Hitachi aims to build two of its Advanced Boiling Water reactors (older Hitachi-GE BWR designs were the kind that exploded and melted down at Fukushima in Japan) on Anglesey (Môn Tachwedd) at the site of the two closed Wylfa Magnox nuclear power reactors. Ignoring the obvious potential for renewable energy development — which could deliver more electricity and more jobs to the region than Wylfa B and without all the radioactive risks — political leaders have given the plan the green light.

Arctic tern 2

The Wylfa B nuclear plan threatens a colony of protected Arctic terns.

However, Wylfa B is vigorously opposed by locals, as well as environmental and anti-nuclear groups across Wales who on April 16 announced the revival of the dormant Nuclear-Free Wales movement. The coalition plans to organize joint actions not only against Wylfa B but also against plans by Westminster to dump 300,000 tons of radioactive sludge dredged from the proposed Hinkley C reactor site in Somerset onto a marine site a few miles off the coast of Cardiff, the Welsh capital.

Nuclear-Free Wales will also lend support to block a proposed small modular nuclear reactor that could go into the decommissioning Trawsfynydd Magnox reactor site located by a lake in Gwynedd, in the heart of the scenic Snowdonia National Park.

Wylfa — as well as the coastal Hinkley site — has become a sort of beachhead, literally and figuratively, for nuclear power. The French nuclear flagship, the EPR, is mired in delays, cost-overruns and controversy at sites in France, Finland and China. Westinghouse and its AP1000 have sunk under the financial burden of two canceled US reactors in South Carolina and the stagnant and over-budget pace of the two at Vogtle in Georgia.

Porth_Trecastell_-_Anglesey

The Welsh anti-nuclear movement is fighting to protect the glorious Anglesey coastline from new nuclear construction

Hitachi won’t go forward with nuclear power in Wales without substantial support from the UK government. Duncan Hawthorne, head of the Hitachi consortium that aims to build the plant, already told the Financial Times that his group is not willing to keep “burning money.” The May government has handed the French corporation, EDF, a ridiculous subsidy for Hinkley C in the form of a strike price of £92.50 per megawatt hour — more than double what consumers currently pay, the only way nuclear power can remain even vaguely competitive. Hitachi will have every right to demand the same deal for Wylfa B.

But apart from the financial fleecing of ratepayers, there are further atrocities afoot — a fundamental assault on Welsh values and the traditional way of life in a bi-lingual country with an ancient history and language. A fiercely independent spirit has been cruelly shackled by the centralized UK government — and before that the monarchy — for centuries. Few in Wales have forgotten the ruthlessness of the Thatcher government, which literally starved Welsh coal miners out of a more than year-long strike in 1984-85. The imposition of new nuclear plants now targeted at Wales is no different.

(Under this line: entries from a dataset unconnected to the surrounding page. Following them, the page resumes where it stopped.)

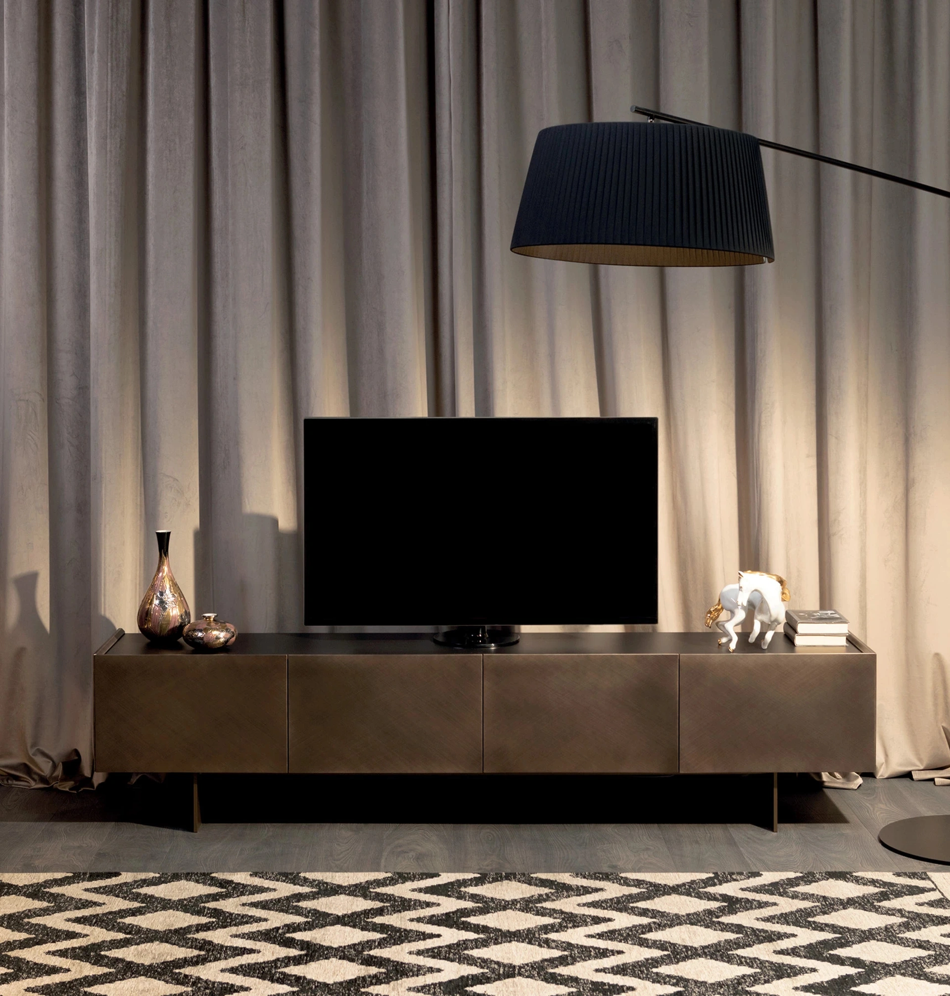 Il mobile contenitore Coated di Tonin Casa si distingue per la sua esclusiva finitura spazzolata, proposta nell'elegante tonalità bronzo, pensata per una perfetta integrazione estetica con gli altri elementi della collezione. La struttura interna è realizzata in legno di alta qualità, con configurazioni a tre o quattro ante laccate, garantendo robustezza e funzionalità. La base, in metallo verniciato bronzo pietra, assicura stabilità e un design raffinato. Un top opzionale in vetro retroverniciato nero arricchisce ulteriormente le possibilità di personalizzazione. Le varianti dimensionali includono una versione a 3 ante (L 180 x H 75 x P 45 cm) e una a 4 ante (L 240 x H 75 x P 45 cm), entrambe progettate per ottimizzare lo spazio e l'estetica. L'attenzione ai dettagli costruttivi e la selezione di materiali durevoli garantiscono un prodotto di eccellente qualità e longevità.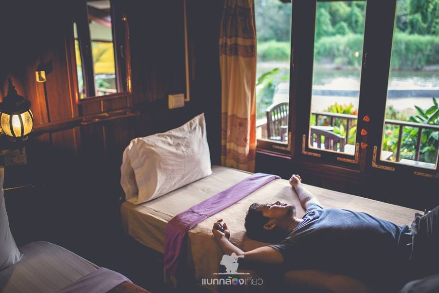ที่พัก River view Bungalows ติดริมแม่น้ำซอง นอนได้ 3 คน ส่วนราคาอยู่ที่ 900-1500 แล้วแต่วัน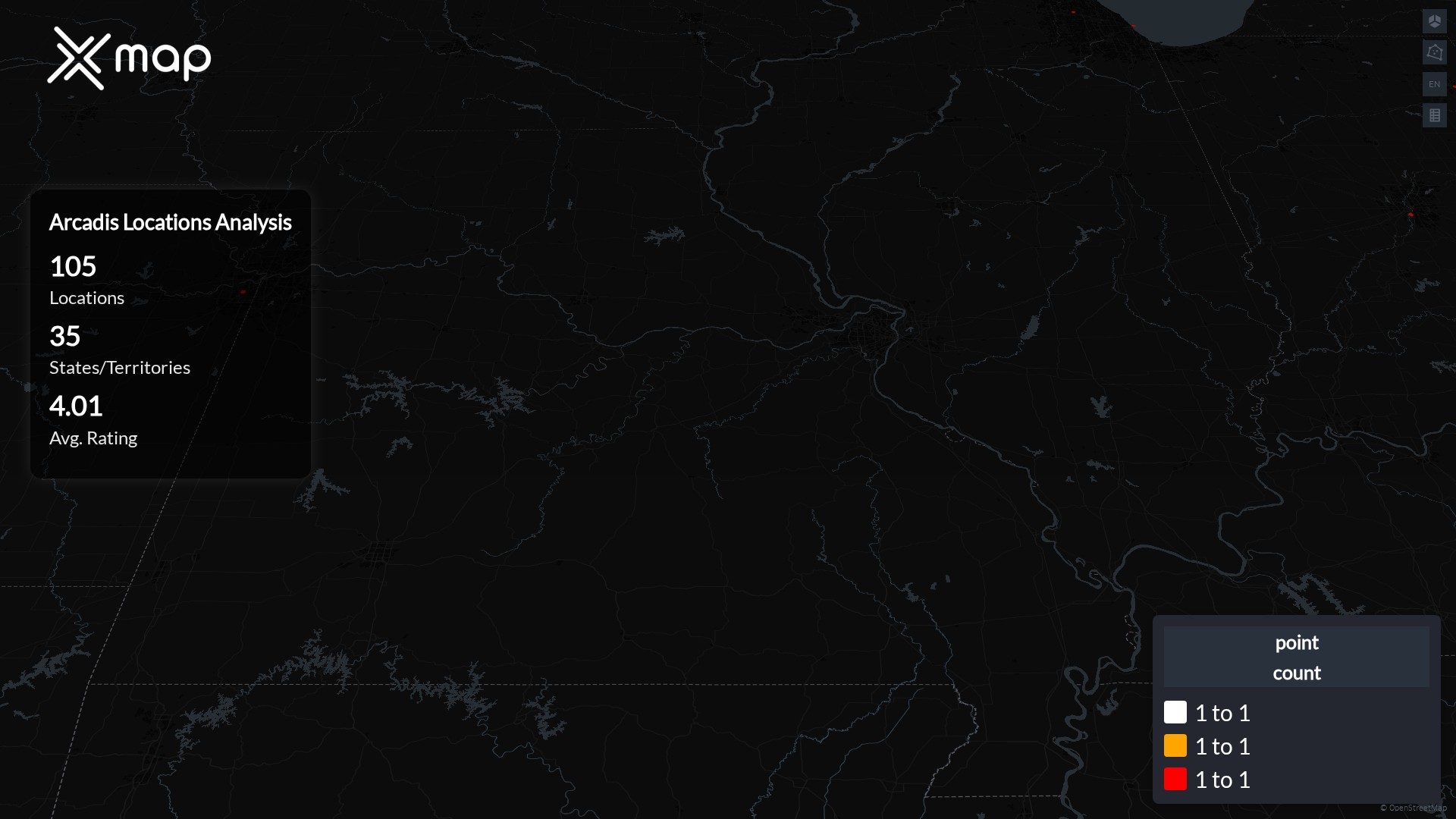 Street-level clusters show corridors where multiple Arcadis locations sit within the same neighborhood indicating strong local presence and coherence. Arcadis operates a total of 105 nationwide.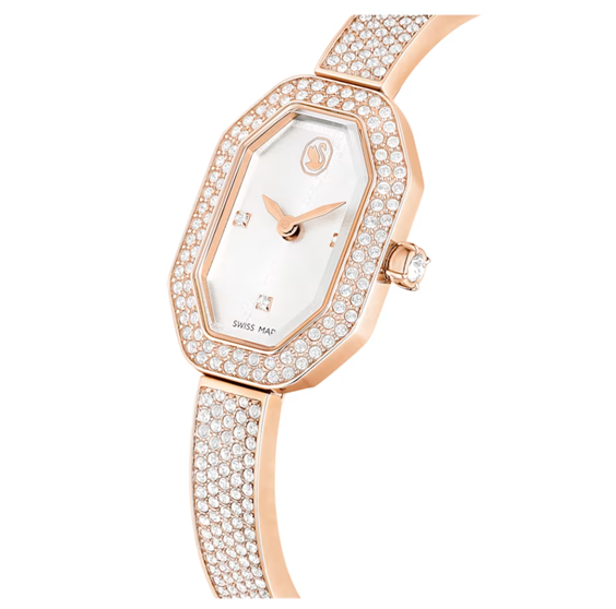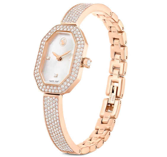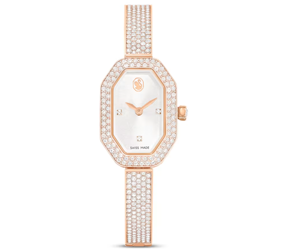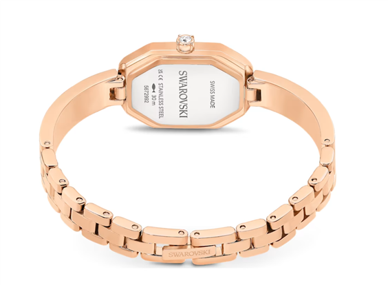 Questo orologio con bangle Dextera, che cattura ogni raggio di luce, è realizzato nell’iconica e rinomata forma ottagonale Swarovski. La cassa di 20 mm x 30,5 mm presenta una finitura color oro rosa ed è impreziosita da un pavé di 92 cristalli sulla lunetta. Questo crea un setting perfetto per il quadrante con motivo sunray, che presenta un logo cigno posizionato alle ore 12 e tre indici in cristallo. Oltre ad un singolo cristallo scintillante incastonato sulla corona, l’orologio si arricchisce di 194 cristalli montati lungo il bracciale regolabile, per un tocco di eccezionale bellezza ad ogni ora. Questo orologio Swiss Made è resistente all’acqua fino a 30 m e unisce una gioiosa stravaganza al caratteristico savoir-faire Swarovski. Articolo nr.: 5672992 Collezione: Dextera Bangle Dimensioni della cassa: 30.5 mm x 19 mm Lunghezza del cinturino dell'orologio: 16 cm Materiale: Cristalli, PVD oro rosa Colore: Color oro rosa Materiale del cinturino: Metallo Prodotto in: Svizzera Meccanismo dell'orologio: Quarzo

At a March 2017 media workshop conducted by Beyond Nuclear at the Green Nuclear-Free Wales conference for activists in Aberystwyth, participants identified the values most deeply woven into the fabric of Welsh identity — landscape, land, nature, family, language, culture and non-conformism. These were consistent with the values cited over and over in countless Welsh polls and focus groups. All of these are under threat by the Wylfa B plan. Preserving the ecology of the Welsh coastline has become a priority, and recently the threat posed by Wylfa B to colonies of protected seabirds has added a welcome delay to Hitachi’s plans.

Any of us who work on anti-nuclear issues understand the odds we face. Lack of resources with which to fuel our campaigns is a common challenge, along with hostile political environments and the power of corporate money to ride roughshod over decent human values, common sense, and what is best for our health and environment.